Beyond the EEZ and the Continental shelf lie the international waters covering around two-thirds of the oceans. With its World Heritage designation, it lies beyond the exercise of any king of national sovereignty. The principle of freedom prevails, of navigation; overheat flight, fishing, scientific research, etc. However, this freedom is limited by international decrees (protection of specific species, e.g. whales). The judicial regime, which applies, is that of the state whose ship’s flag is flown. Coastal states have the right of pursuit, only when the latter was initiated in a zone within that state’s sovereign jurisdiction.
“International Straits’ Arm of the sea connecting two larger bodies of water The Montego Bay Convention confirmed the pre-existing jurisdiction applicable to major straits. In the case of all vessels, it recognises the right of transit without hindrance or interruption.
‘Archipelagic waters’ Concept created for archipelagic states (i.e. those composed entirely of one or more archipelagos). Precise criteria have been established in order to delineate their baselines, so as to avoid any violations.  
‘International seabed’ or “Area” This refers to the deep seabed (abyssal floor) which lies beyond the Continental shelf. Since Montego Bay, the “Area” has escaped all attempts of appropriation. It is a “common good” and must be utilised “for exclusively peaceful purposes in the interests of the whole of humanity.” Only the International Seabed Authority, representing states that are signatories to CLOS, can authorise any exploitation.

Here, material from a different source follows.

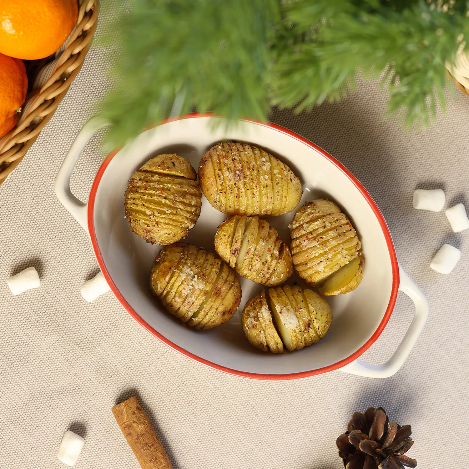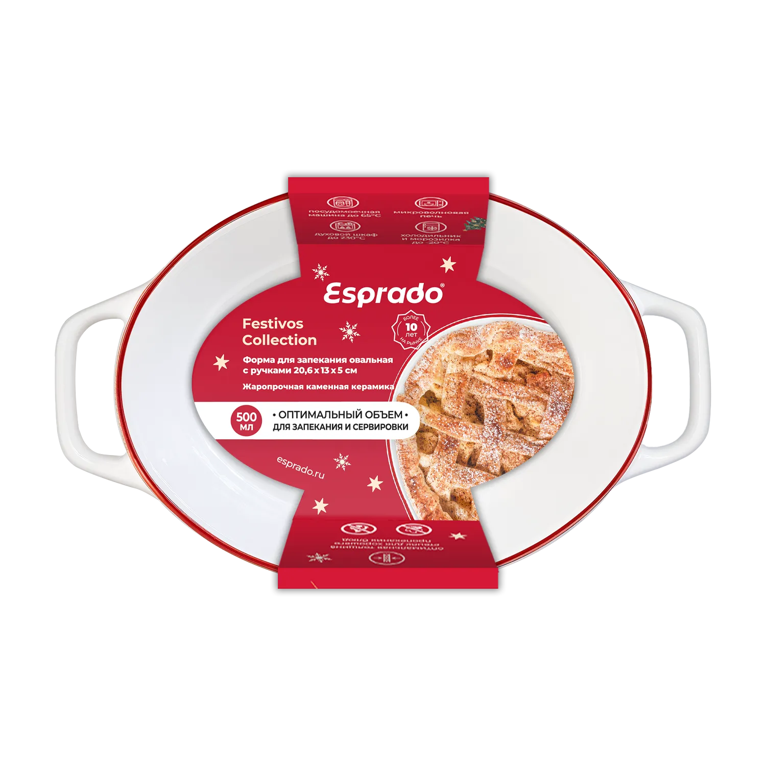 Выдерживает температуру от -20°C до +250°C. Удобная форма с ручками подойдет для различных блюд, сытных или сладких. Идеально впишется в праздничную сервировку благодаря новогоднему орнаменту.

* The “baseline” constitutes the limit between ‘internal waters' and the oceanic domain beyond: it serves as the point of reference for the delimitation of the different zones of the oceanic domain. Two methods are employed to determine the “baseline.” Firstly, by reference to the tidal low water mark, at least as far as it is indicated on large scale marine charts, and officially recognised by the coastal state. Secondly, by reference to a series of straight lines connecting the indented coastline or islands bordering any coast. The determination of these ‘baselines' is cardinal in that it acts as the start or base point for all measurements relating to the mapping of different maritime zones.

1 Today, they are no longer in use.

2 With the exception of the unilateral passage at 12 miles from the territorial waters of several states.

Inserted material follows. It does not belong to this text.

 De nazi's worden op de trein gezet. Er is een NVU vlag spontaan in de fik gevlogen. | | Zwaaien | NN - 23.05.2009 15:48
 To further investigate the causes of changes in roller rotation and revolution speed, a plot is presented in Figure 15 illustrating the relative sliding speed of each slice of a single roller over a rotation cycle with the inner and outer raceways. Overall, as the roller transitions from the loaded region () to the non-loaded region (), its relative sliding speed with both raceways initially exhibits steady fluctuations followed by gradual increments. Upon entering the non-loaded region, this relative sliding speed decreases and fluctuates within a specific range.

3 With the number of countries becoming ever greater, boosted by the successive independence of many small islands at the end of the century.

4 In his book ‘Mare Liberum' (Free Seas), the Dutchman Hugo Grotius considered the sea as international space that all states were at liberty to use for maritime commerce. It thereby underpinned an ideologically driven justification for the Dutch to break different commercial monopolies, thanks to its superior naval power. Britain, Holland's great rival in commerce would oppose this idea.

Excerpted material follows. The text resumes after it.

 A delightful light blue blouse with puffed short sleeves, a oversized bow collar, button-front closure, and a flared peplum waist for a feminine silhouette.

5 The third such accord, after the Franco-British accord of 1839 (Granville Bay) and the Franco-Canadian accord of 1972 (Saint Pierre and Miquelon): Philippe Fleury, “discontinuité et systèmes spatiaux, la combinaison ile/frontière,” Thèse, University of Caen, 2006.

6 André-Louis Sanguin, 1998.

7 With the exception of the tiny residual polygons in the ‘High Seas' located in the central area of the Gulf of Mexico.

8 Geographically, it is the submerged coastal border zone sloping gently under the sea as far as a sudden change in gradient marking the steeper descent of the ‘continental slope.' Geologically and tectonically, it is the immersed portion of the continent. For some states, it represents an immense area, whilst others have little or nothing to show. The legal definition adopted at Montego Bay was above all political!